Еще через три дня она была совсем другой — ненасытной и страстной. После секса она много болтала и казалась по-настоящему влюбленной. Настолько, что я даже осмелился сказать:
— Послушай, я понимаю, что, наверное, слишком тороплю события… Но мы так чудесно провели время… Почему бы нам не сходить куда-нибудь поужинать или…
— У меня работа. И у тебя тоже.
— Но мне на работу только к полуночи, так что у нас пара часов…
— А ты действительно просто сидишь там всю ночь, пока разгружают меха? — вдруг спросила она.
— Именно так.
— Ты когда-нибудь встречался с людьми, которые тебя наняли?
— Только с угрюмым придурком, заправляющим местным интернет-кафе. Он каждый день вручает мне конверт с жалованьем.
— Посредник?
— Что-то вроде того.
— Скажи, а ты когда-нибудь задумывался о том, что на самом деле происходит в этом здании?
— Я же говорил тебе, это меховой склад.
— Ты лжешь…
Я предпочел промолчать.
Она заговорила первой:
— Только избавь себя от угрызений совести из-за того, что не сказал мне правду.
— Правда в том, что я не знаю правды. Извини.
— Зачем извиняться? Все мужчины врут.
— Без комментариев, — ответил я.
— Да хватит тебе каяться. Позволь, я угадаю: твоя бывшая жена много рассуждала о необходимости доверия в браке, о том, что без «абсолютной честности» нет «реальной основы для близости».
Пытаясь вспомнить, когда же я успел выложить ей всю правду о Сьюзан, я напрягся.
Маргит опередила меня:
— Откуда я это знаю? Ну, это всего лишь предположение, к тому же основанное на моих рудиментарных представлениях об американской морали во всей ее ханжеской изощренности.

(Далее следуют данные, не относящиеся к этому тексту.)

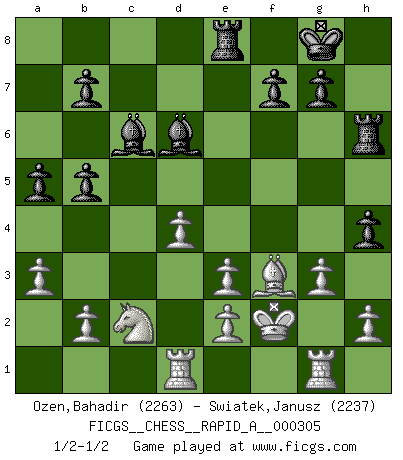 Last move : 1/2-1/2 2024 December 3 21:43:4 [Event "FICGS__CHESS__RAPID_A__000305"] [Site "FICGS"] [Date "2024.10.12"] [Round "1"] [White "Ozen,Bahadir"] [Black "Swiatek,Janusz"] [Result "1/2-1/2"] [WhiteElo "2263"] [BlackElo "2237"] 1.c4 e5 2.g3 Nf6 3.Bg2 d5 4.cxd5 Nxd5 5.Nc3 Nb6 6.Nf3 Nc6 7.O-O Be7 8.d3 Be6 9.a3 a5 10.Be3 O-O 11.Na4 Re8 12.Nxb6 cxb6 13.Qa4 Bd7 14.Qc4 h6 15.Qd5 b5 16.Rfd1 Bf8 17.d4 Ne7 18.Qxe5 Nf5 19.Qd5 Nxe3 20.fxe3 Bc6 21.Qxd8 Raxd8 22.Kf2 Rd6 23.Ne1 Rf6+ 24.Bf3 Bd6 25.Nc2 h5 26.Rf1 h4 27.Rad1 Rh6 28.Rg1 1/2-1/2 Follow this game move after move (download)Pawns are born free, yet they are everywhere in chains. (Rick Kennedy) Vom Schach wurde gesagt das Leben sei dafür nicht lange genug. Aber das ist der Fehler des Lebens, nicht des Schach'. (Irving Chernev) Durante una competencia de Ajedrez, un Maestro de Ajedrez deberá ser una combinación de presa de caza y un Monge. (Alexander Alekhine) J'ai vu le vaincu d'Echecs jouer des années durant dans l'espoir de la fête de la victoire. Car tu es plus riche de ce qu'elle existe si même elle n'est point pour toi. Ainsi de la perle du fond des mers. (Antoine de Saint-Exupéry) Man is still the most extraordinary computer of all. (John F. Kennedy)

— А что проповедует французская мораль?
— Обособление.Картезианскую логику двух разных вселенных внутри одной жизни. Примирение с противоречащими друг другу семейной обязанностью и иллюзией свободы. Как сказал Дюма, брачные оковы тяжелы, и, чтобы нести эту ношу, требуются усилия нескольких человек. Самое главное, не допускать, чтоб две сферы встретились, — никогда ни в чем не следует сознаваться. В то время как ты, Гарри, сознался во всем…не так ли?